#### [Problem requirements]
All lines in the records below from the line with "আজ রবিবার (২৬" through the line with "Custom Women's Solid" are to be given again exactly, both ends included; the pictures are to be left out.

#### [Input data]
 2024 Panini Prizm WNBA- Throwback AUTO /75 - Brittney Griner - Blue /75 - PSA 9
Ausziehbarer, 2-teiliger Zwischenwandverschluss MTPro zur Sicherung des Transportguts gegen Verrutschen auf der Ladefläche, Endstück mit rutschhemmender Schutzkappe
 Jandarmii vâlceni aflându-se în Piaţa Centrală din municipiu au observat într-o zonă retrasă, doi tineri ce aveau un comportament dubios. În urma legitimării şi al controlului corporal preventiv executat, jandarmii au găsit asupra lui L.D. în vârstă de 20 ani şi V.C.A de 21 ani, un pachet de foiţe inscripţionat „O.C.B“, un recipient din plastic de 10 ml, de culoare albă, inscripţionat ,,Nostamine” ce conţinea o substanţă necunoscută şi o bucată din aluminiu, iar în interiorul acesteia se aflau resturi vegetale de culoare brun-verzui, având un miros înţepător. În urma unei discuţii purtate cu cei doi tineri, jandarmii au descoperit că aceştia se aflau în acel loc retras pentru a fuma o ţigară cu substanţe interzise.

==

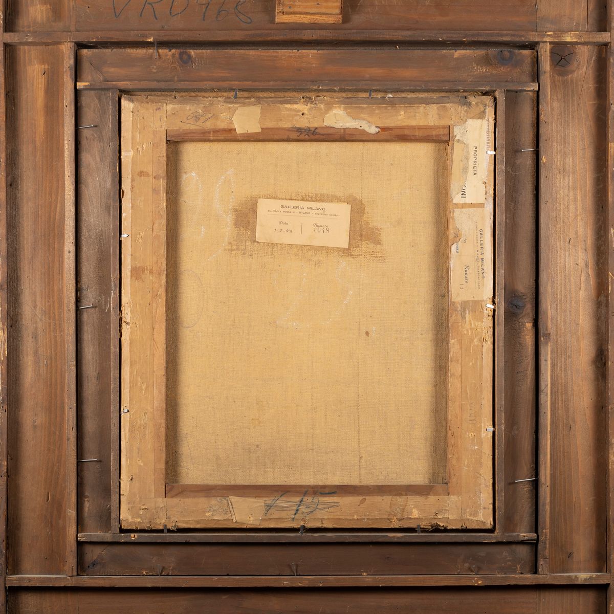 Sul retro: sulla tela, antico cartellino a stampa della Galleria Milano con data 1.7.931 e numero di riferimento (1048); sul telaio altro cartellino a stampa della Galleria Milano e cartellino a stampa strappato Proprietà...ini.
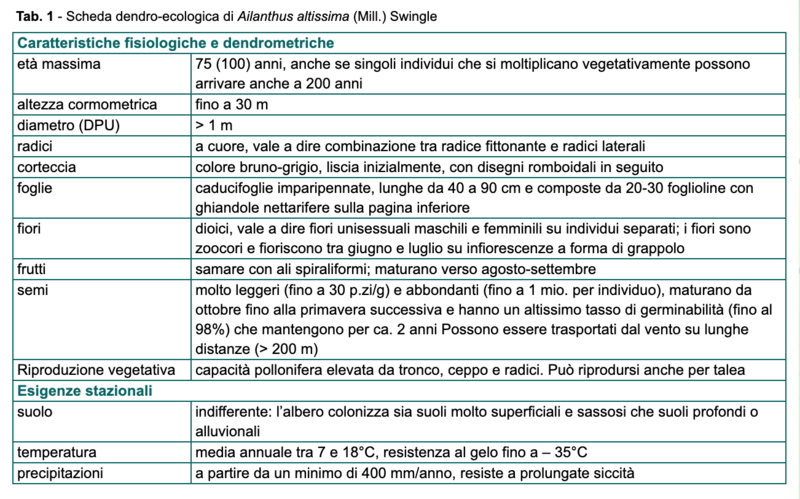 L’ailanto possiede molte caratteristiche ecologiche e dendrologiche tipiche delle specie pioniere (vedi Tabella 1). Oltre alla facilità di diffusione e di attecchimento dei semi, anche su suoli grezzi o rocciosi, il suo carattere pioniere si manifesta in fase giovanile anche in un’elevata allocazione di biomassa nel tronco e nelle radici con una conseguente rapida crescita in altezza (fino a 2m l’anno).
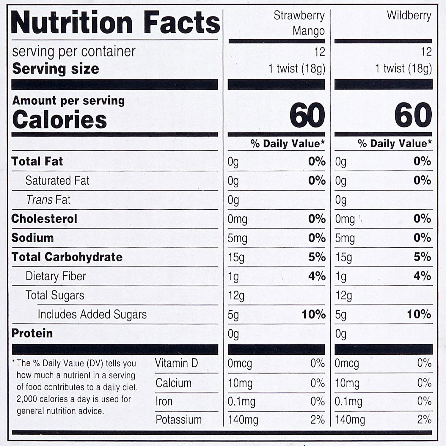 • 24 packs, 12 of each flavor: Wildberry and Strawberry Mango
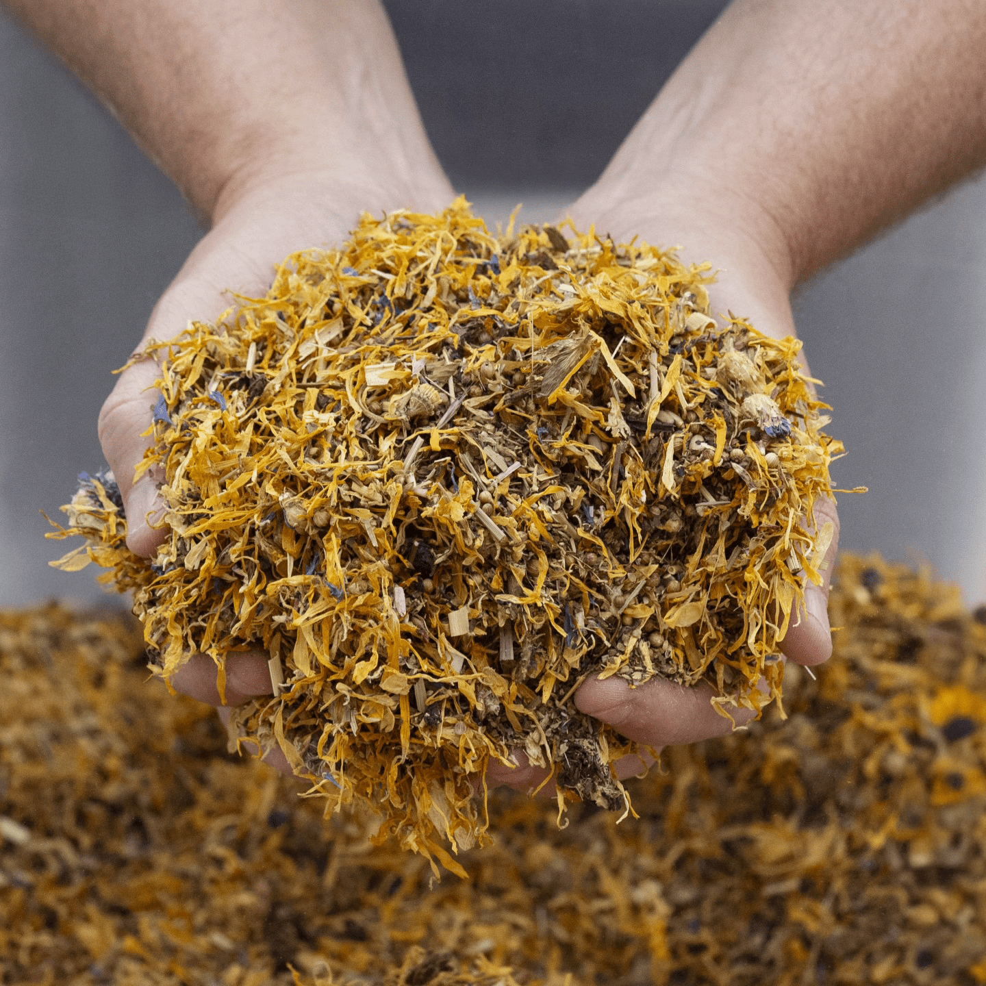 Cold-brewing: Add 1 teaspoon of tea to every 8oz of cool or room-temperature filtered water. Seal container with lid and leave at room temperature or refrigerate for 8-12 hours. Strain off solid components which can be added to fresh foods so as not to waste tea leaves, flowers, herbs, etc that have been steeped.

...

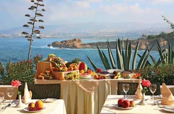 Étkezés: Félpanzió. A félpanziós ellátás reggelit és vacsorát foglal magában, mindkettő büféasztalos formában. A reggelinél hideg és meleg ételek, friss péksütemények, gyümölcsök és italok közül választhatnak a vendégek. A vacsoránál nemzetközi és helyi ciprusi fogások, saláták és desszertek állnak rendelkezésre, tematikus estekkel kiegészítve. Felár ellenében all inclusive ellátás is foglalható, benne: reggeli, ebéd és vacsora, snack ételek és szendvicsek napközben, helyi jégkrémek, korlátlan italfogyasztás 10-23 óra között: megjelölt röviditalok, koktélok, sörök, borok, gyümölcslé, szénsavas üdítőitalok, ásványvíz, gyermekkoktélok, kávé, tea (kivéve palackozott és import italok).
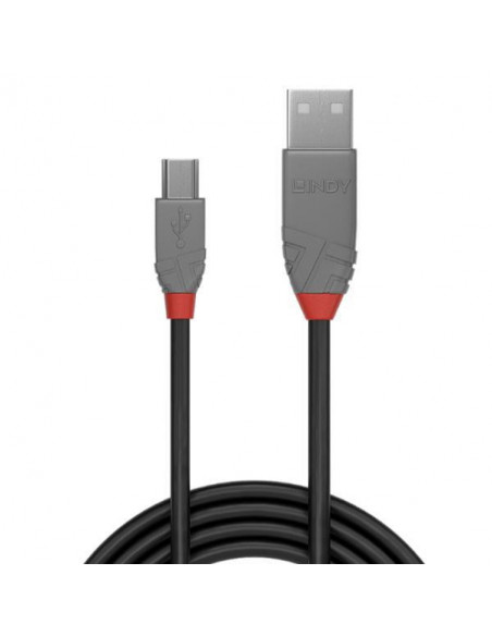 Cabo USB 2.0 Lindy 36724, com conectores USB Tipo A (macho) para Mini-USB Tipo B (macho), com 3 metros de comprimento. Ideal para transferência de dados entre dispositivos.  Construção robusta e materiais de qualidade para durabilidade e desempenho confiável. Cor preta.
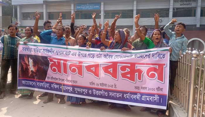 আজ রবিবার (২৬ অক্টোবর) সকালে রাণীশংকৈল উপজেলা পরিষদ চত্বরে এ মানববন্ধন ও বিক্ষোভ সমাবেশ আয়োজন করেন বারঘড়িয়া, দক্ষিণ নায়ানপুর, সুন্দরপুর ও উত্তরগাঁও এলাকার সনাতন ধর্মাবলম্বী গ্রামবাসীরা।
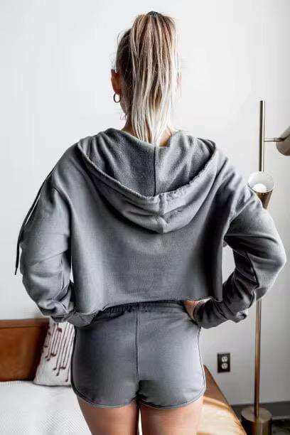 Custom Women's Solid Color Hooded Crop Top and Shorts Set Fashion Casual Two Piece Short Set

#### [Written response]
 আজ রবিবার (২৬ অক্টোবর) সকালে রাণীশংকৈল উপজেলা পরিষদ চত্বরে এ মানববন্ধন ও বিক্ষোভ সমাবেশ আয়োজন করেন বারঘড়িয়া, দক্ষিণ নায়ানপুর, সুন্দরপুর ও উত্তরগাঁও এলাকার সনাতন ধর্মাবলম্বী গ্রামবাসীরা।
 Custom Women's Solid Color Hooded Crop Top and Shorts Set Fashion Casual Two Piece Short Set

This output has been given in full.